Und dann machte Honda mit einem Knaller auf sich aufmerksam: Die CBX mit 1000 ccm und einem Sechszylinder erschien.

Aber der eigentliche Knaller war für mich etwas anderes. Der 400 FOUR, die schon in diesem Jahr von einem neuen Twin abgelöst wurde, verpasste man eine 27-PS-Drossel, um die Restbestände schnell abzuverkaufen. So rückte der Traum vom Honda-Vierzylinder in greifbare Nähe, auch wenn er mein Erspartes restlos aufbrauchen würde. Als ich dann mit einem Händler in der Region noch einen entsprechend reduzierten Preis verhandeln konnte, fiel die Entscheidung schnell. Und bis heute bereue ich sie nicht.



Es sollte fast 20 Jahre dauern, bis ich wieder Prospekt und Zeitungsartikel wälzte. Das Zweitmotorrad sollte ein Restaurierungsobjekt aus britischer Fertigung werden. Lange war die Norton Commando in der engeren Wahl, auch eine Triton hätte mir gefallen. Und dann gab es noch so ein paar ganz unanständige Offerten, wie die eines Motorradhauses in Dachau.
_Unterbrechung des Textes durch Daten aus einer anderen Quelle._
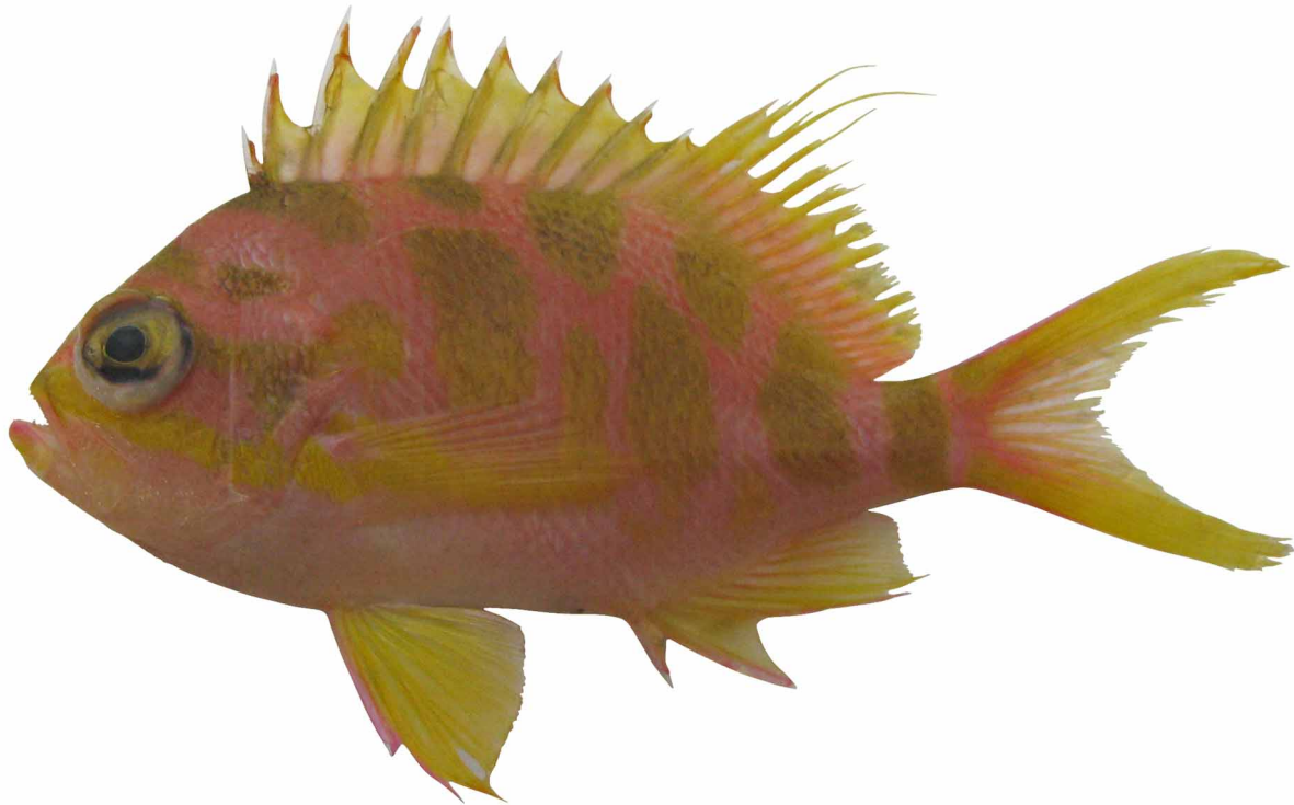
FIGURE 3. Lateral view of Odontanthias borbonius , CSIRO H 7221–02, 92 mm SL, east Lombok, Indonesia.

Distribution. Currently known only from East Lombok in the Nusa Tenggara region of Indonesia. All type specimens were collected from the fish market at Tanjung Luar from handline fishers operating in local waters.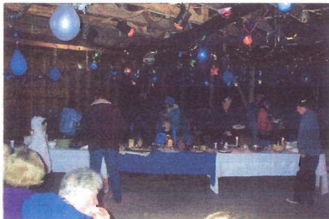
New Year Eves dinner

REMINDER: BEFORE LEAVING SWANTON'S PREMISES, PLEASE, BE SURE TO FILL OUT & SIGN THE WORK LOG FOR HOURS YOU WORKED. THE WORK LOG IS IN THE MACHINE SHOP NEXT TO THE PHONE.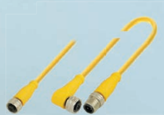
1/2" AC SENSOR AND ACTUATOR CABLES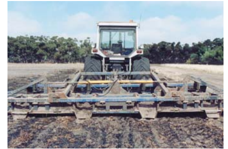
2. The back of the machine employs a shaper and soil compactor.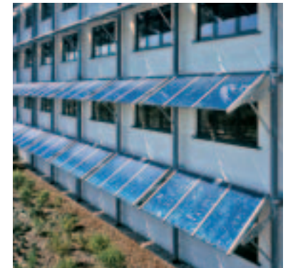
234 frameless modules with a total output of 45 kWp in a special canopy construction

Wirklich fasziniert haben mich die Vincents, insbesondere diese Egli-Vincent-Variante.


Bei meinen Recherchen war ich immer wieder auf die englischen Dreizylinder gestoßen. Sehr ansprechend fand ich die Rob-North-Triples, aber die gab es (in Deutschland zumindest) leider nicht mit Straßenzulassung. Letztendlich lief mir dann eine völlig runtergerittene Triumph Trident T150 aus der allerersten Baureihe zu.

Und den Rob-North-Traum erfülle ich mir jetzt eben auf der Rennstrecke.